Some members of the secular media immediately portrayed the letter as a Vatican approval of episcopal silence and cover-ups — all the more so when Cardinal Castrillon claimed to have Pope John Paul II’s authorization to send the letter — but the truth is more complicated. The Vatican policy at the time, as Monsignor Charles Scicluna, now the Vatican’s chief prosecutor of sex abuse cases, described in an interview last month, was not to “force bishops to denounce their own priests, but to encourage them to contact the victims and invite them to denounce the priests by whom they have been abused.” In a way similar to court systems exempt spouses from testifying against each other, the Vatican recognized that the inherent conflict for a bishop to become an agent of the civil authorities in turning over priests, who have always been looked upon in Church theology, law and practice as their spiritual sons. The Vatican wasn’t trying to cover up justice, but seeking to preserve the good of a filial relationship between bishops and priests.

One of the consequences of the 2002 Dallas reforms, which mandated U.S. bishops to report all allegations of sexual abuse to the civil authorities, has been that this bond between priests and bishops has in fact been wounded, as various priestly magazines and organizations have noted. Priests who need help no longer feel confident in approaching their bishop directly and confidentially for fear of being turned in; if they’re accused, they no longer feel comfortable telling the whole truth. Often now in such circumstances the conversation between bishops and priests accused of sex abuse often takes place in the presence of civil attorneys on both sides. This is what Cardinal Castrillon was trying to avoid.

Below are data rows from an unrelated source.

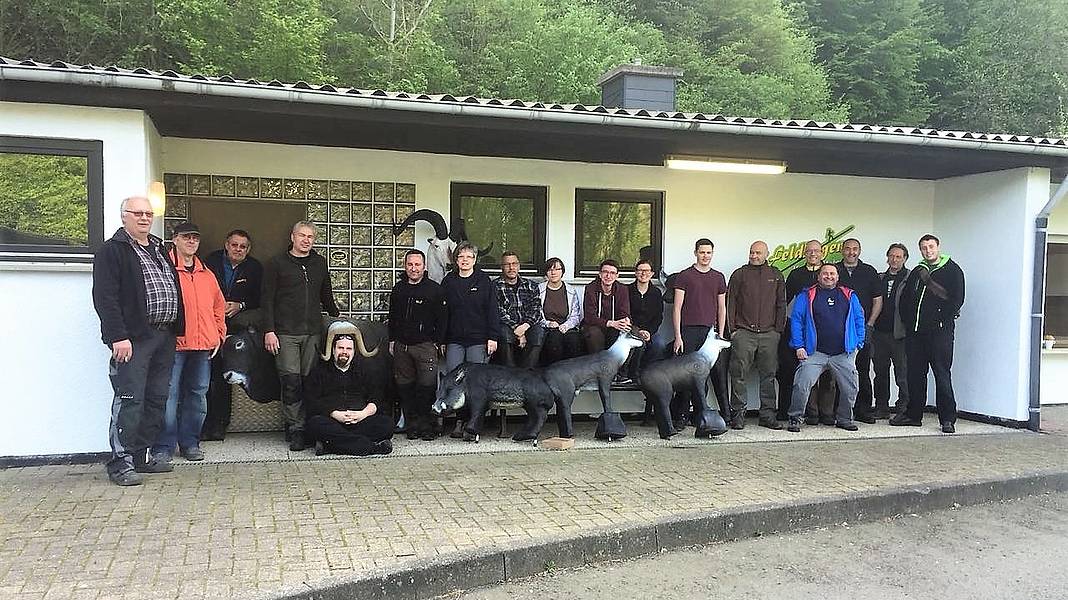 Da nun HessenForst endlich die Freigabe für die "Große Runde" erteilt hat, fanden sich am 28.04.2018 eine bisher noch nie da gewesene Anzahl von Helfern ( 19 !!! ) zum gemeinsamen Frühstück vor dem Arbeitseinsatz ein. Wie schon beim letzten Arbeitseinsatz war das Wetter perfekt und die Stimmung sowie die Motivation der Helfer bestens. Nach dem Verladen der Tiere und der Gruppen- und Aufgabenverteilung ging es dann in den Wald.
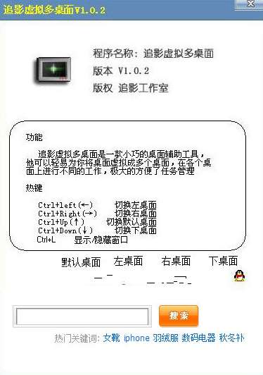 追影虚似多桌面是一款虚拟桌面的实用工具,此软件能够虚似出好几个桌面上,能够让一个电脑上有好几个桌面上,每一个桌面上能够有不一样的每日任务,可在每一个桌面上当中运作不一样的程序流程,便于管理,追影虚似多桌面转换起显示屏只必须按住快捷键就可以迅速转换,追影虚似多桌面针对每日任务的管理方法便捷极可,是一个非常好的助手。
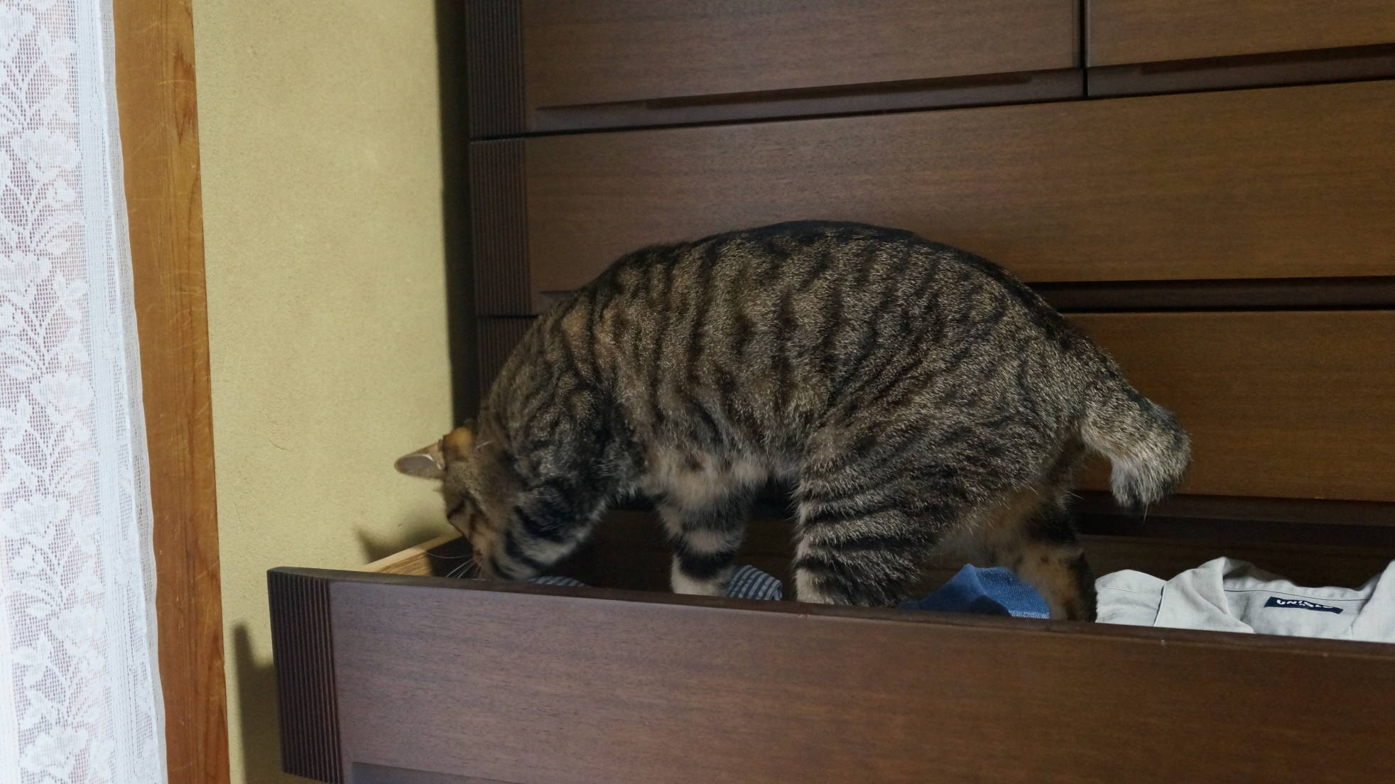 タンスの引き出しを開けて衣類の整理をしていたら、ソラニャンがやってきました。
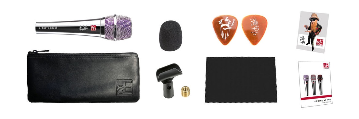 The sE Electronics V7 all-metal construction, stainless spring steel mesh grille, and gold-plated XLR contacts offer effective protection from the rigors of live performance. To stand out, the microphone features eye-catching, highly-polished chrome appointments. Included with the microphone area a carrying case, a mic clip, a thread, some Billy Gibbons guitar picks, and that aforementioned black windscreen.
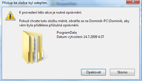 Ahoj,chci odstranit jednu složku na místním disku, "ProgrammData" jsou v ní všechny mé programy i ty co jsem odinstaloval,ale mám je i nainstalované v Program Files a proto jí chci odstranit , když se jí pokusim odstranit tak mi vyjede hláška "k provedení této akce je nutné oprávnění" přitom jsem admin PC,budu rád za každou radu jak to odstranit, je to windows 7 home premium 32 bit.
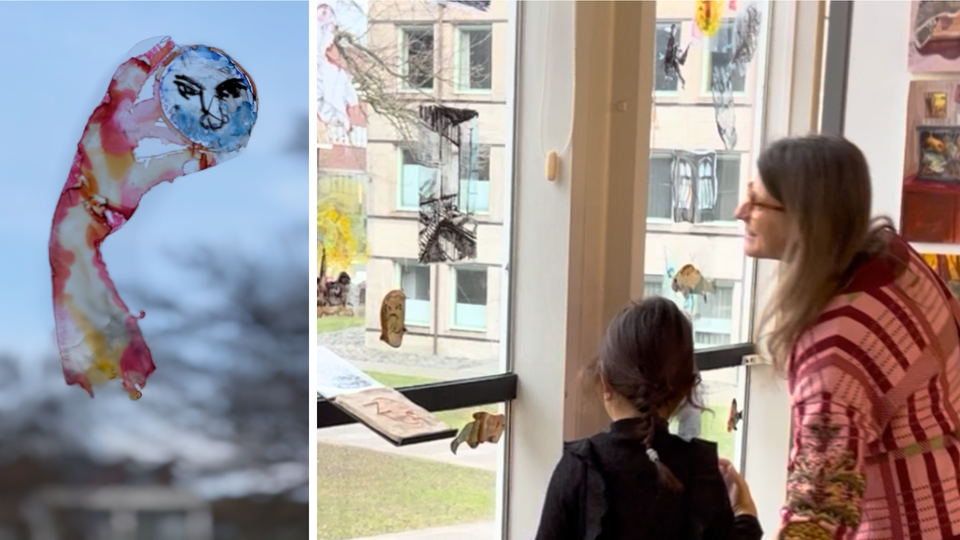 De transparante werken worden daarna samen op het raam geplaatst, waar ze reageren op het licht en elkaar versterken in gelaagde composities.

Nevertheless, it is obvious that the good of preserving the bond between bishops and priests is not sufficient to justify Cardinal Castrillon’s approach. It neglected the greater good of making sure that children, the bishops’ other spiritual sons and daughters, are kept safe from molestation by their perverted older brothers camouflaged in religious garb. The defects in this approach are obvious: in some cases the bishops did not do their job and encourage the victims to go forward to the civil authorities; sometimes when they did, the victims did not want to go forward. The result was, in some cases, the priests were not prevented from continuing to do harm, either in ecclesial or other contexts.

The Vatican recognized the problem in the approach in 2001 and, as Vatican spokesman Fr. Federico Lombardi noted in a shockingly direct statement last week, that explains “how opportune it was” to take the sex abuse cases out of the hands of Cardinal Castrillon and place them into the hands of Cardinal Joseph Ratzinger, who wanted to “assure their rigorous and coherent management.” Protecting the filial relationship between priests and bishops is an important good, but not the highest priority: protecting God’s and the bishops’ smaller and more vulnerable children is a much greater one, which is something that Cardinal Ratzinger realized much earlier and with greater conviction than many of his Vatican colleagues.